**What you should do**.
Give back every line of the data exactly. Pictures are not part of the copy.

**Data block**.
# # #
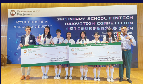
Secondary School FinTech Innovation Competition 2024 Champion Team
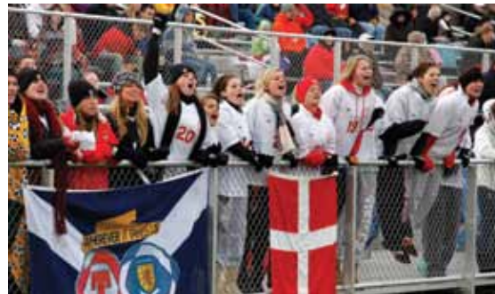
Cheering for the Vikings at Nationals.
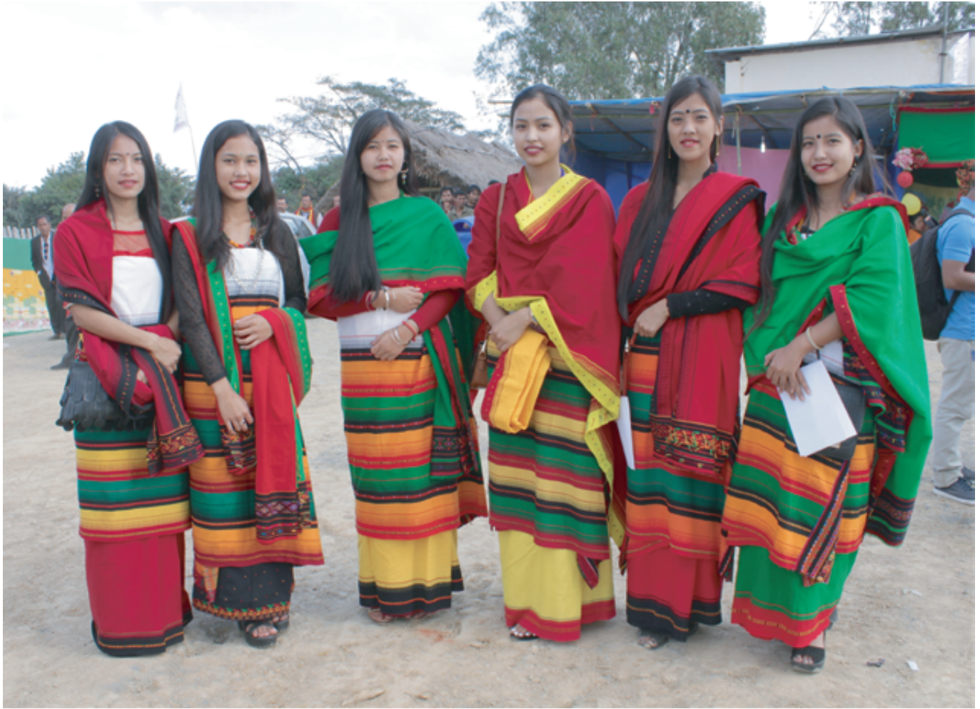
Dimasa girls in their traditional attire 'Rajamphain Beren'
# # #
**Final answer**.
Secondary School FinTech Innovation Competition 2024 Champion Team
Cheering for the Vikings at Nationals.
Dimasa girls in their traditional attire 'Rajamphain Beren'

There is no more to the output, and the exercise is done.